Но редко когда было показано более убедительным образом, как ужасно этот вид нетерпимости мстит правителям, которые навязывают его своим несчастным подданным.

Уже Тацит в первом столетии Римской империи высказался против преследования авторов как “глупой вещи, которая имеет тенденцию рекламировать книги, которые в противном случае никогда не привлекли бы внимания общественности”.

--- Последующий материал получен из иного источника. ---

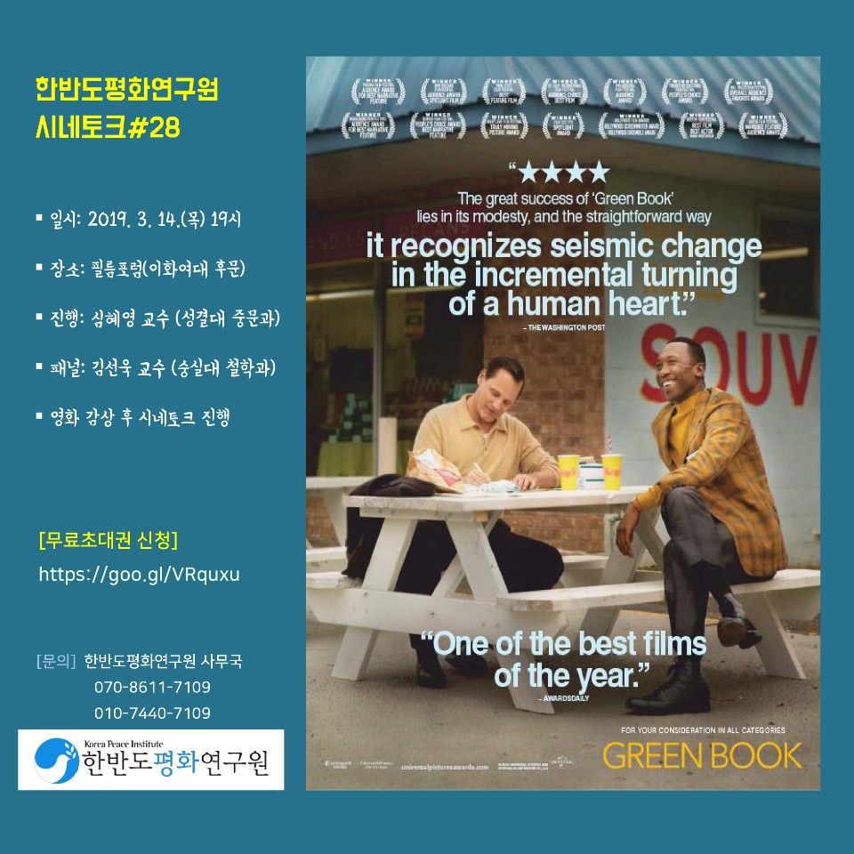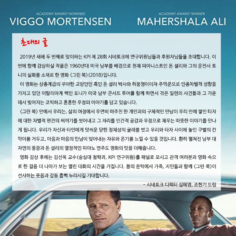 KPI 시네토크 #28 '그린북' (3/14목, 19:00, 필름포럼)
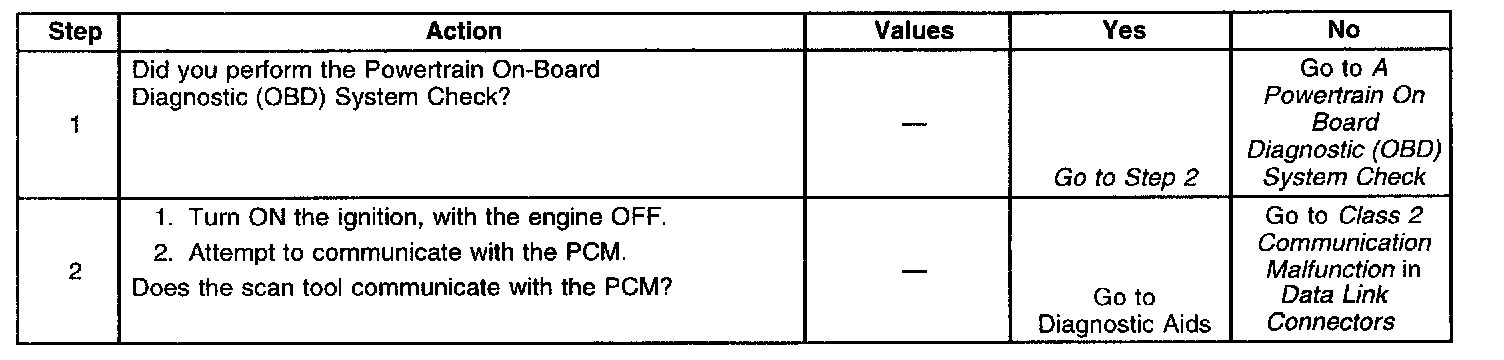 ^ When the Class II serial data circuit is shorted to ground, U1300 or U1305 will be set. Refer to DTC U1300 Class 2 Data Link Low or DTC U1305 Class 2 Data Link Low or High. Testing and Inspection Testing and Inspection
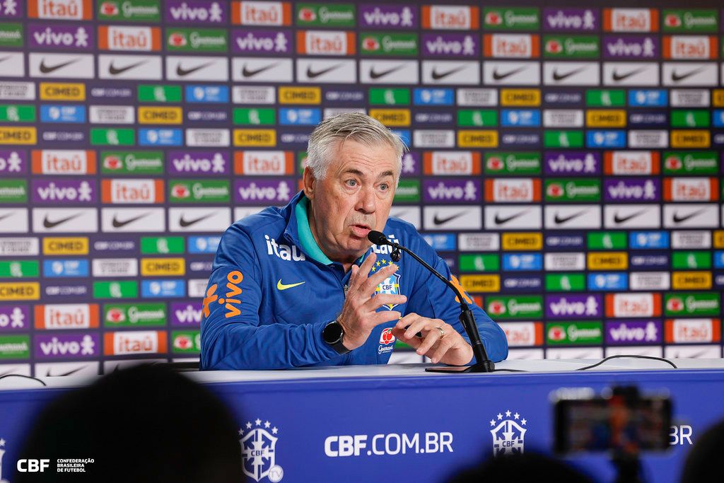 Carllo Ancelotti confirmou que a Seleção terá mudanças para o jogo contra a BolíviaCréditos: Rafael Ribeiro/CBF
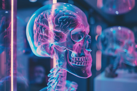 Transparent human head model with brain structure in dark room, concept for neurology research.
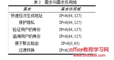 由于上述设计需求中既包含了作用于地址前缀的需求,也包含了作用于接口标识的需求,还包含了作用于地址中间部分的需求.因此,对于一个给定的需求,应当如何判断此需求在IPv6地址中的作用位置呢?为此我们引入需求作用域来解决这个问题.
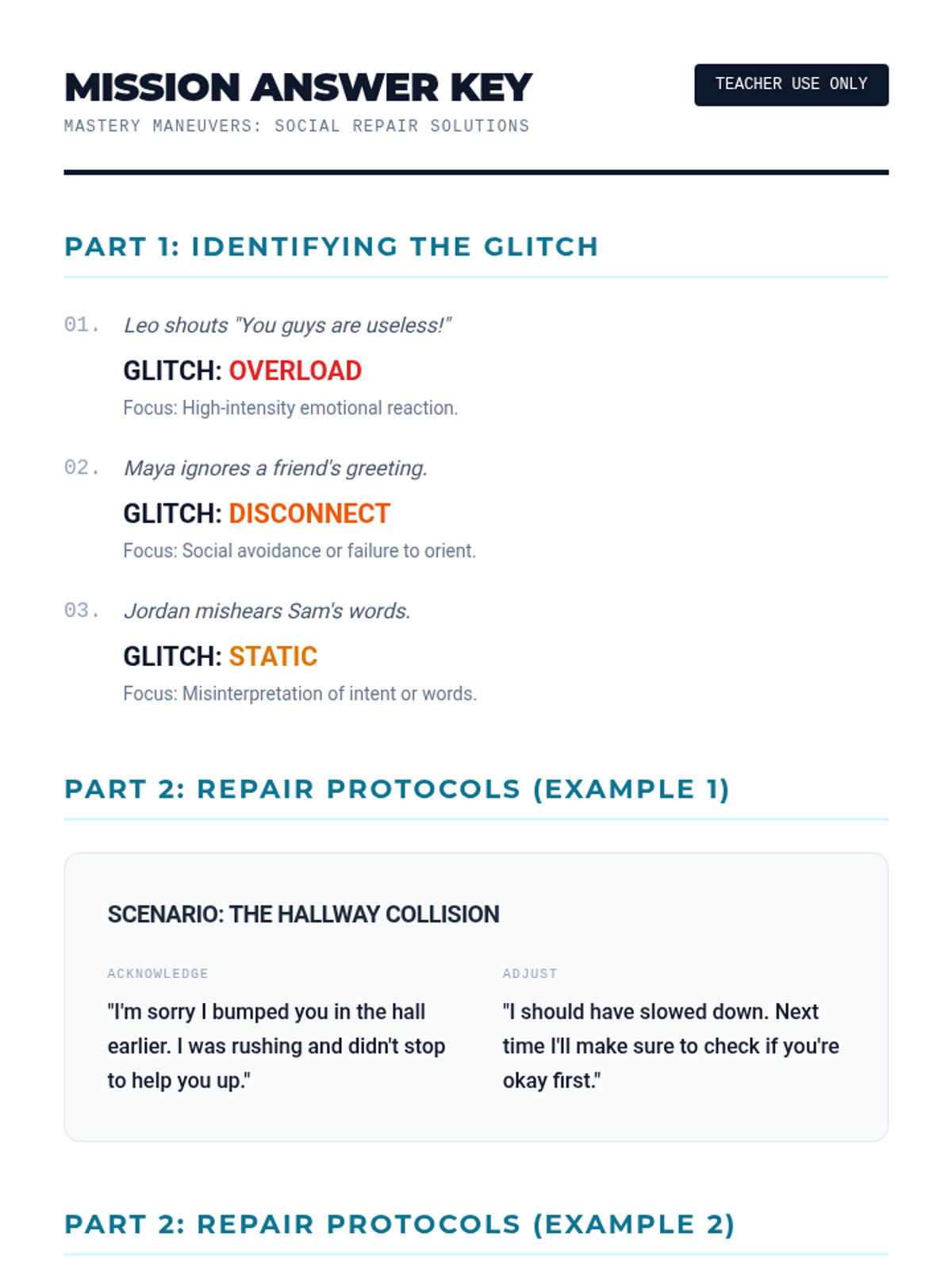 A revised Mastery Maneuvers answer key for the Commander Comms lesson, fixing page break issues in scenario blocks and resolving label overlap problems.
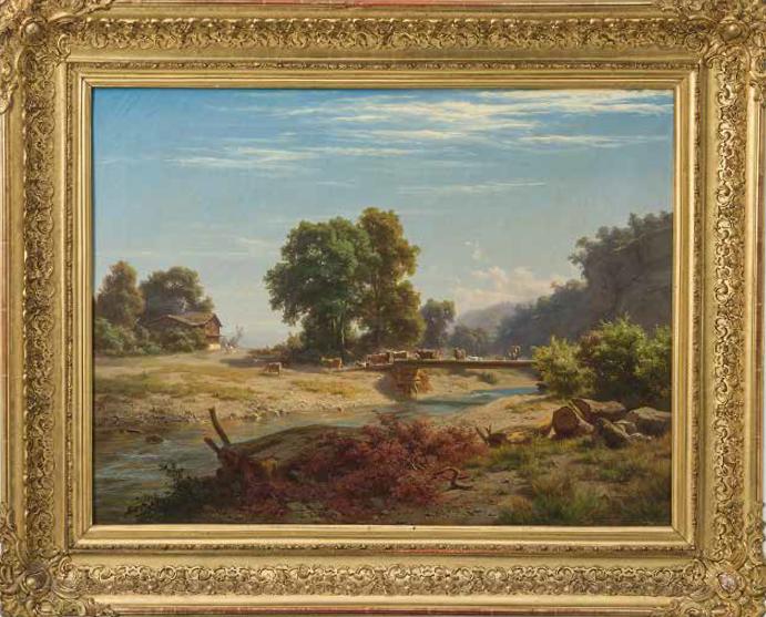 | Bachlandschaft mit Kuhherde und Ziegen beim Überqueren einer kleinen Brücke | |
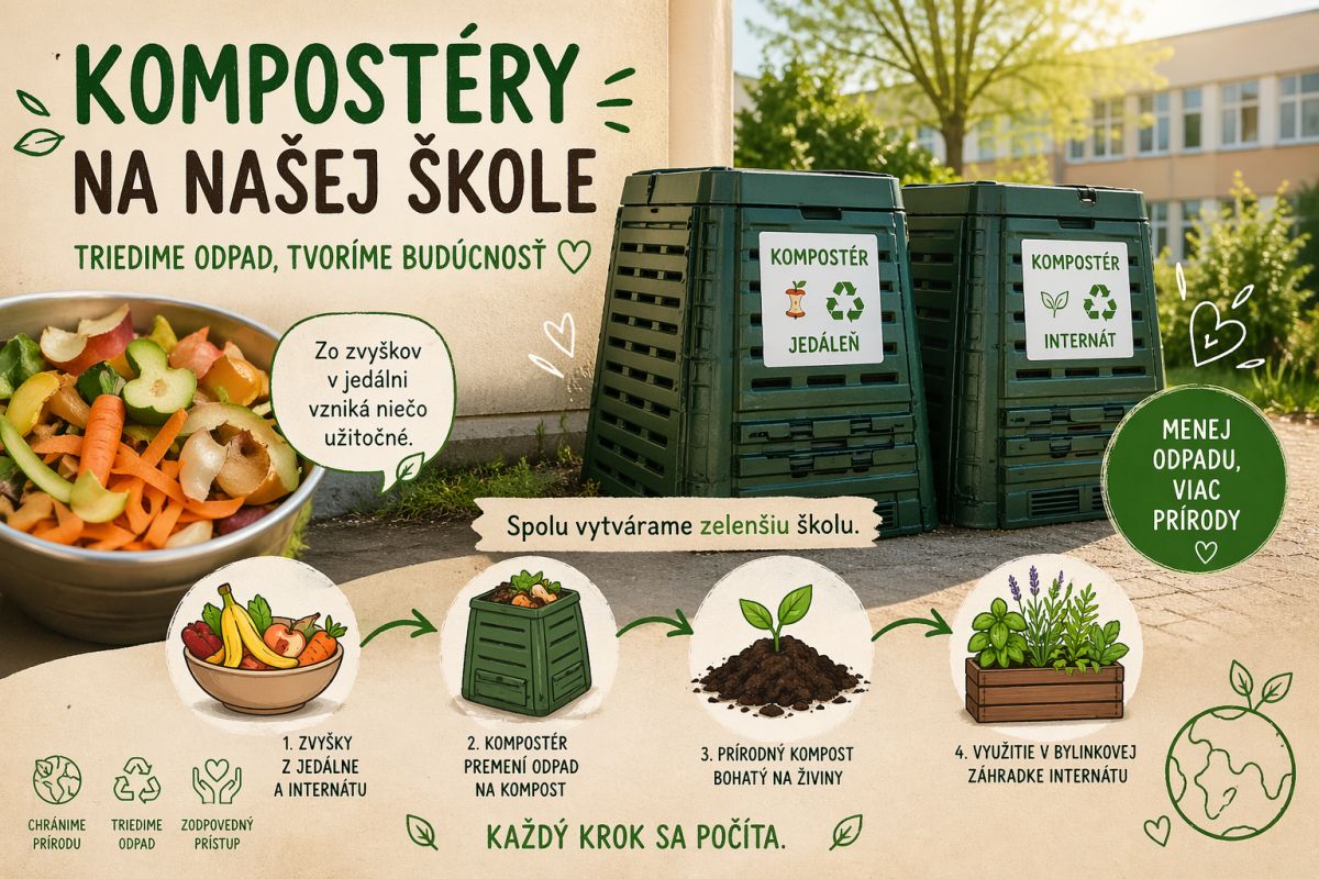 Naša škola opäť urobila krok smerom k udržateľnosti a zodpovednému prístupu k životnému prostrediu. V apríli pribudli pri školskej jedálni nové kompostéry, ktoré prinášajú praktické riešenie pre triedenie bioodpadu priamo v našom každodennom školskom živote.

Индекс доказал истинность этого утверждения. Не успела Реформация увенчаться успехом, как список запрещенных книг превратился в своего рода удобное руководство для тех, кто хотел быть досконально информированным о предмете современной литературы. Более того. В семнадцатом веке предприимчивые издатели в Германии и Нидерландах содержали специальных агентов в Риме, задачей которых было раздобыть предварительные экземпляры Index Expurgatorius (Индекса запрещённых книг). Как только они получали его, они передавали его специальным курьерам, которые мчались через Альпы и вниз по долине Рейна, чтобы ценная информация могла быть доставлена их патронам с наименьшей возможной потерей времени. Тогда немецкие и голландские типографии принимались за работу и выпускали наспех отпечатанные специальные издания, которые продавались с непомерной прибылью и контрабандой ввозились на запретную территорию армией профессиональных книготорговцев.

 

Но количество копий, которые можно было перевезти через границу, неизбежно оставалось очень небольшим, и в таких странах, как Италия, Испания и Португалия, где Индекс фактически применялся до недавнего времени, результаты этой политики репрессий стали очень заметными.

Если такие страны постепенно отставали в гонке за прогрессом, причину было нетрудно найти. Студенты в своих университетах не только были лишены всех иностранных учебников, но и были вынуждены пользоваться отечественным продуктом очень низкого качества.

И что хуже всего, Индекс отбивал у людей охоту серьезно заниматься литературой или наукой. Ибо ни один человек в здравом уме не взялся бы за написание книги, если бы он рисковал увидеть, как его работа будет “исправлена” малограмотным цензором или исправлена до неузнаваемости бестолковым секретарем дознавателей Инквизиционной комиссии.

Вместо этого он отправлялся на рыбалку или тратил время, играя в домино в винной лавке.

Или он садился и в полном отчаянии от себя и своего народа писал историю Дон Кихота.